### WHAT YOU SHOULD DO
What you produce should be an exact transcription of the data, minus any pictures.

### DATA RECORDS
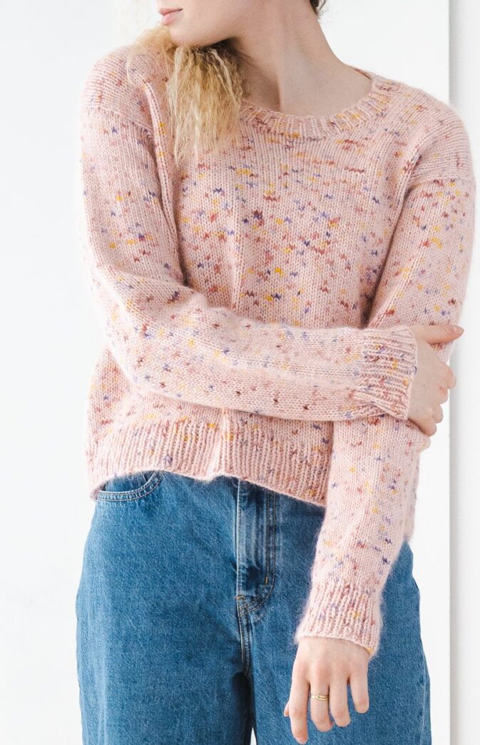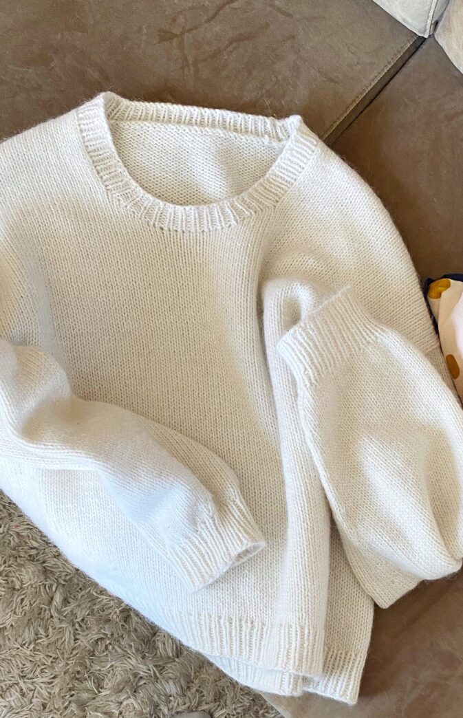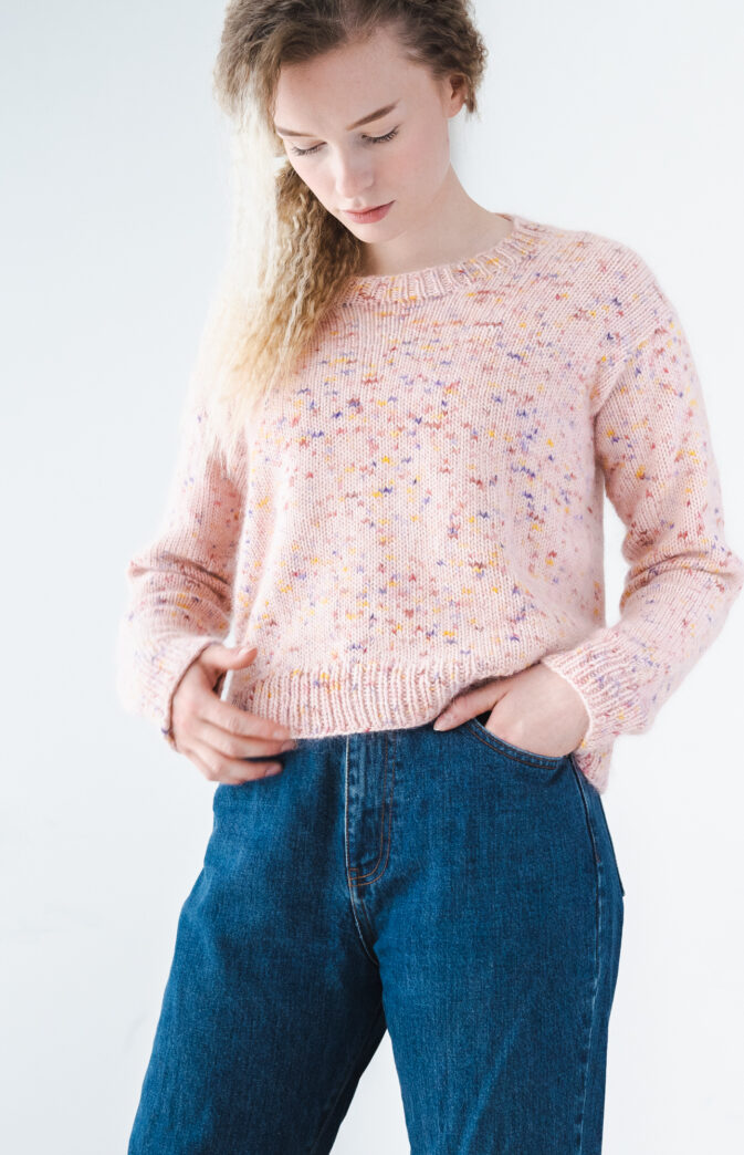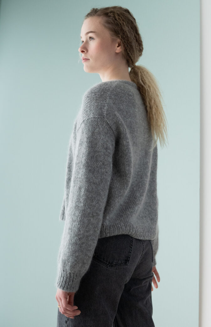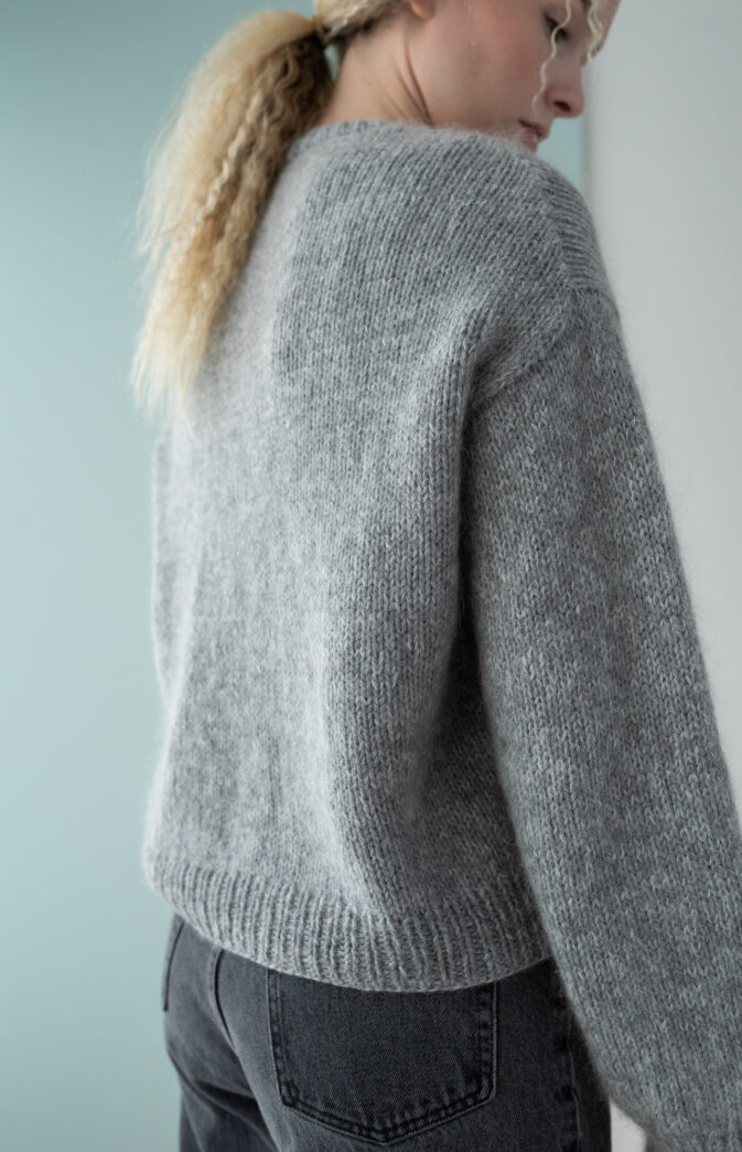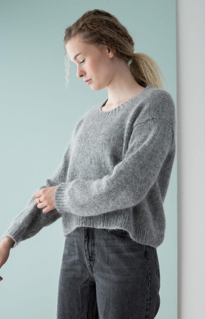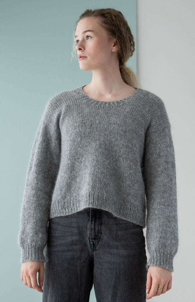 Strikkepakke med garn og gratis digital strikkeoppskrift. Nydelig hverdagsgenser som passer like godt til ett par jeans som over en kjole. Genseren strikkes ovenfra og ned i en tråd Pop Merino holdt sammen med en tråd Hip Mohair. Den har normal passform og lengde.
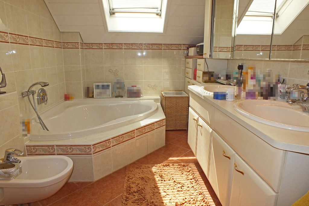 - Tageslicht-Elternbad en Suite mit Eckbadewanne, Dusche, Doppelwaschbecken, WC, Bidet und EInbauschränken
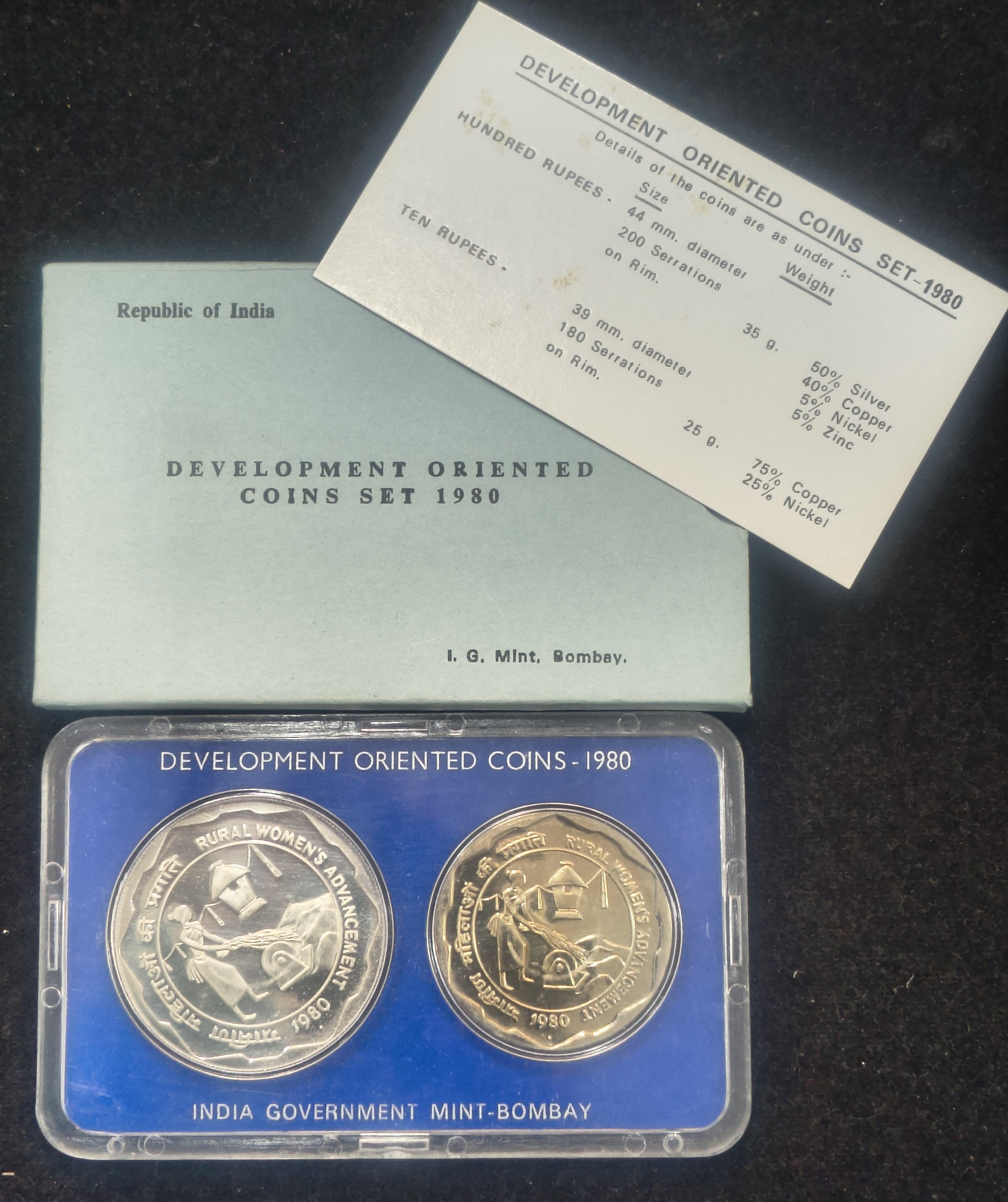 1980 Rural Woman’s Advancement ( 2 Coins Set) with box Bombay mint Rare set
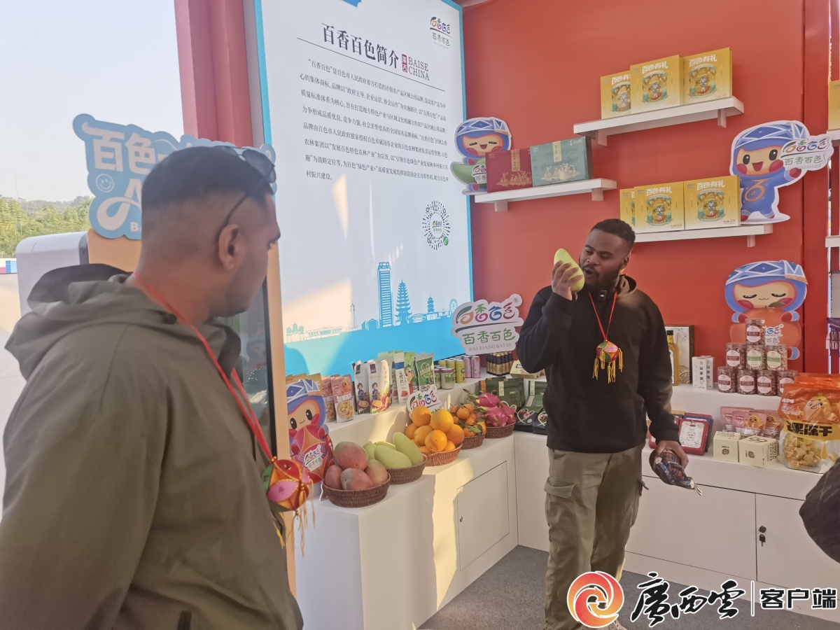 外国游客在百色展区购买“百香百色”区域公用品牌产品。记者 凌聪 摄 精彩纷呈,好物云集。在南宁、柳州展区,“青秀山”等一批融入地标元素的文创产品成为解读“老友南宁”的新方式;一副银边黑框的全球首款文旅AR讲解智能眼镜让游客沉浸式“游览”柳州风貌,感受工业城市的独特魅力。
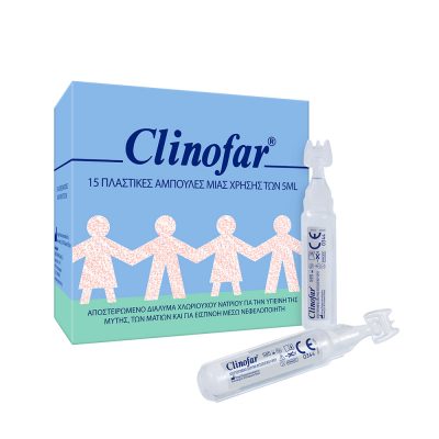 CLINOFAR Αποστειρωμένες Αμπούλες Φυσιολογικού Ορού για ρινική αποσυμφόρηση 15x5ml
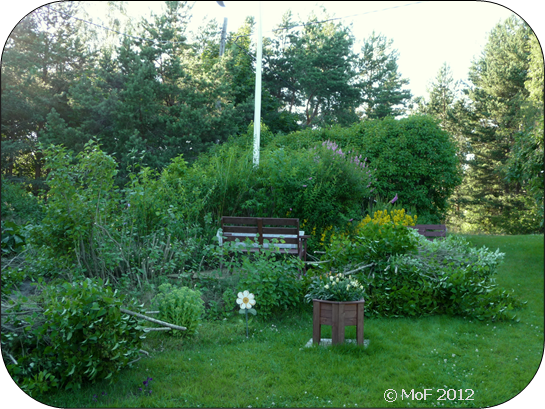Två timmar senare var det klart. Tre högar med kapade syrener hade jag åstadkommit. Och väldigt luftigt blev det runt träd­gårds­möb­ler­na om man uttrycker sig snällt. 😀
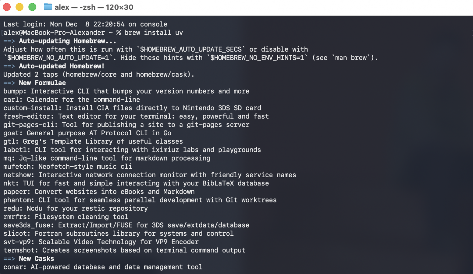 Finam MCP-сервер написан на Python и устанавливается через менеджер пакетов uv.
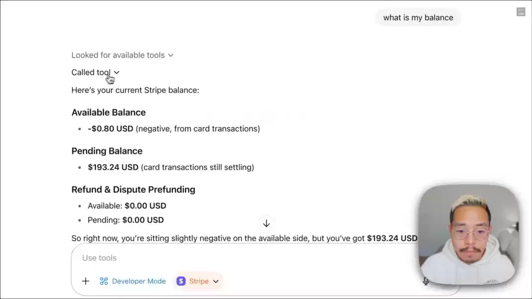 你当然可以直接掏出手机打开Stripe看余额,但Demo这里是为了展示,ChatGPT已经可以获取到了Stripe个人账户中的数据,可以用它参与到其他复杂环节了。
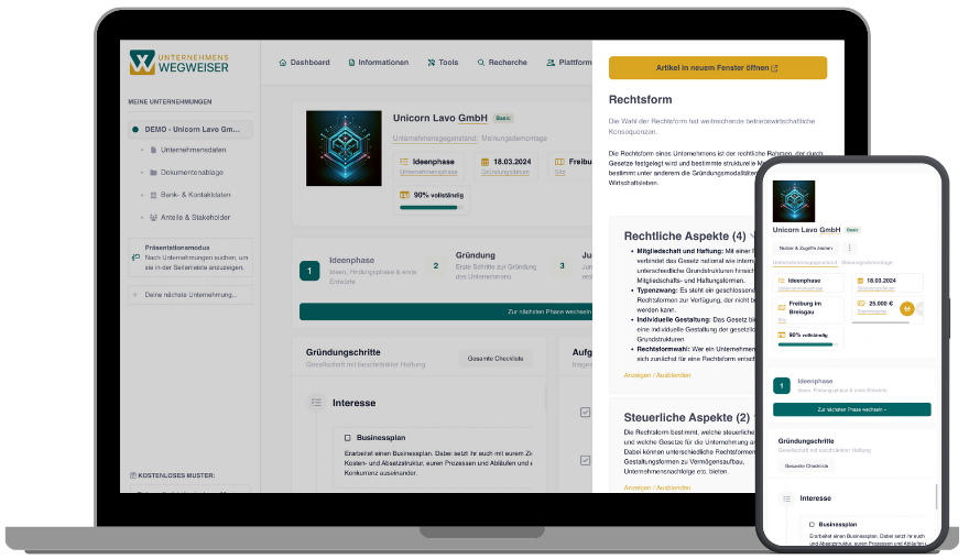 Von der ersten Idee bis zur formellen Unternehmensgründung – der Unternehmenswegweiser begleitet dich bei jedem Schritt. Ob bei der Namensfindung, der optimalen Rechtsform und allen relevanten Schritten in deinem Gründungsprozess, wir stehen dir mit unseren intelligenten Tools und der Wegweiser-AI zur Seite.
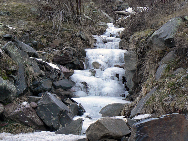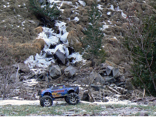 A medida que vamos siguiendo el curso del río hacia arriba va cambiando el color del sendero . Estamos a muy poca altitud todavia, segun el altimetro a unos 1550 m, pero las manchas de nieve ya estan cada vez mas juntas. En la otra orilla pequeñas cascadas de hielo detienen los afluentes en una imagen bien extraña. Despues de un buen rato me doy cuenta de que apenas hay ruido de agua. Como va a haber si estan todos paralizados. Es una situacion que se me hace rara, en medio del valle junto a un arroyo y sus afluentes saltando entre piedras y ningun sonido. Alguno de los cachos del camino que pasan bajo ramaje del bosque no estan helados , solo granizados, asi que al Emaxx le toca meterse por una especie de mezcla de agua y hielo de consistencia inpredecible. A veces se hunde hasta la panza, bajo velocidad y procuro pasarlo con poco alboroto , no sea que algun salpicon vaya donde no deba. No se si puede llegar a helarse el agua de las esponjas de los neumaticos, pero no seria nada bueno, seguro. Solo recuerdo que me haya pasado en una ocasion, y fue tras cambiar las baterias y descansar un ratillo a bastantes bajo cero. |
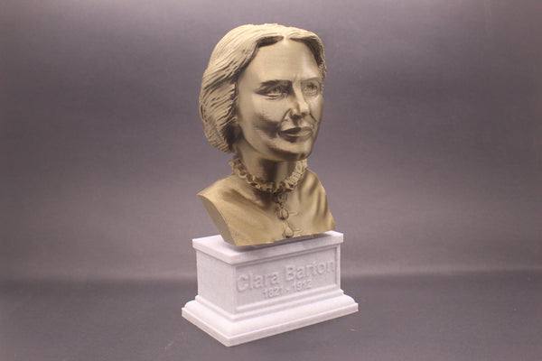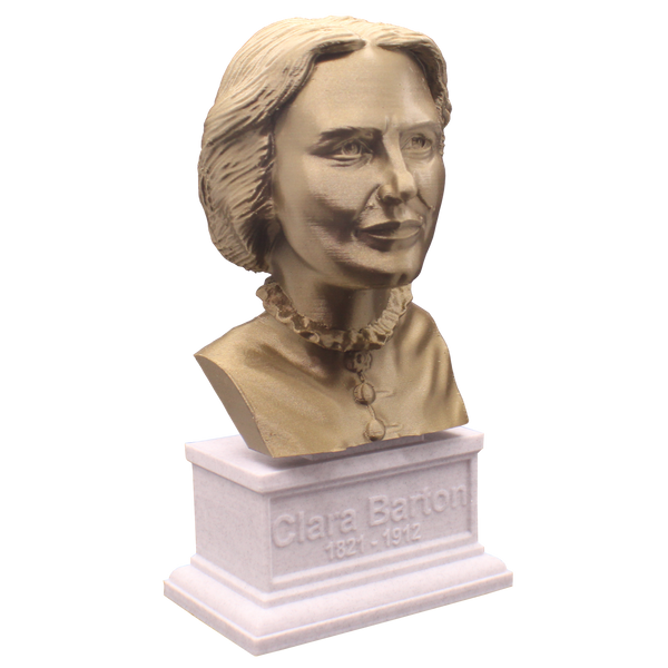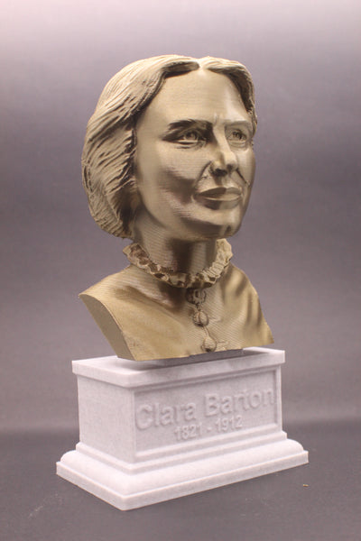 Introducing our realistic 3D printed portrait bust of Clara Barton, made from high-quality PLA material. The box plinth displays the name and lifetime of Barton on the front, and a inspiring quote on the back that reads: "The surest test of discipline is its absence." Enhance your collection or office with this stunning bust, available in 5 different base colors for both the bust and the box plinth.

### ANSWER BOX
 Strikkepakke med garn og gratis digital strikkeoppskrift. Nydelig hverdagsgenser som passer like godt til ett par jeans som over en kjole. Genseren strikkes ovenfra og ned i en tråd Pop Merino holdt sammen med en tråd Hip Mohair. Den har normal passform og lengde.
 - Tageslicht-Elternbad en Suite mit Eckbadewanne, Dusche, Doppelwaschbecken, WC, Bidet und EInbauschränken
 1980 Rural Woman’s Advancement ( 2 Coins Set) with box Bombay mint Rare set
 外国游客在百色展区购买“百香百色”区域公用品牌产品。记者 凌聪 摄 精彩纷呈,好物云集。在南宁、柳州展区,“青秀山”等一批融入地标元素的文创产品成为解读“老友南宁”的新方式;一副银边黑框的全球首款文旅AR讲解智能眼镜让游客沉浸式“游览”柳州风貌,感受工业城市的独特魅力。
 CLINOFAR Αποστειρωμένες Αμπούλες Φυσιολογικού Ορού για ρινική αποσυμφόρηση 15x5ml
Två timmar senare var det klart. Tre högar med kapade syrener hade jag åstadkommit. Och väldigt luftigt blev det runt träd­gårds­möb­ler­na om man uttrycker sig snällt. 😀
 Finam MCP-сервер написан на Python и устанавливается через менеджер пакетов uv.
 你当然可以直接掏出手机打开Stripe看余额,但Demo这里是为了展示,ChatGPT已经可以获取到了Stripe个人账户中的数据,可以用它参与到其他复杂环节了。
 Von der ersten Idee bis zur formellen Unternehmensgründung – der Unternehmenswegweiser begleitet dich bei jedem Schritt. Ob bei der Namensfindung, der optimalen Rechtsform und allen relevanten Schritten in deinem Gründungsprozess, wir stehen dir mit unseren intelligenten Tools und der Wegweiser-AI zur Seite.
 A medida que vamos siguiendo el curso del río hacia arriba va cambiando el color del sendero . Estamos a muy poca altitud todavia, segun el altimetro a unos 1550 m, pero las manchas de nieve ya estan cada vez mas juntas. En la otra orilla pequeñas cascadas de hielo detienen los afluentes en una imagen bien extraña. Despues de un buen rato me doy cuenta de que apenas hay ruido de agua. Como va a haber si estan todos paralizados. Es una situacion que se me hace rara, en medio del valle junto a un arroyo y sus afluentes saltando entre piedras y ningun sonido. Alguno de los cachos del camino que pasan bajo ramaje del bosque no estan helados , solo granizados, asi que al Emaxx le toca meterse por una especie de mezcla de agua y hielo de consistencia inpredecible. A veces se hunde hasta la panza, bajo velocidad y procuro pasarlo con poco alboroto , no sea que algun salpicon vaya donde no deba. No se si puede llegar a helarse el agua de las esponjas de los neumaticos, pero no seria nada bueno, seguro. Solo recuerdo que me haya pasado en una ocasion, y fue tras cambiar las baterias y descansar un ratillo a bastantes bajo cero. |
 Introducing our realistic 3D printed portrait bust of Clara Barton, made from high-quality PLA material. The box plinth displays the name and lifetime of Barton on the front, and a inspiring quote on the back that reads: "The surest test of discipline is its absence." Enhance your collection or office with this stunning bust, available in 5 different base colors for both the bust and the box plinth.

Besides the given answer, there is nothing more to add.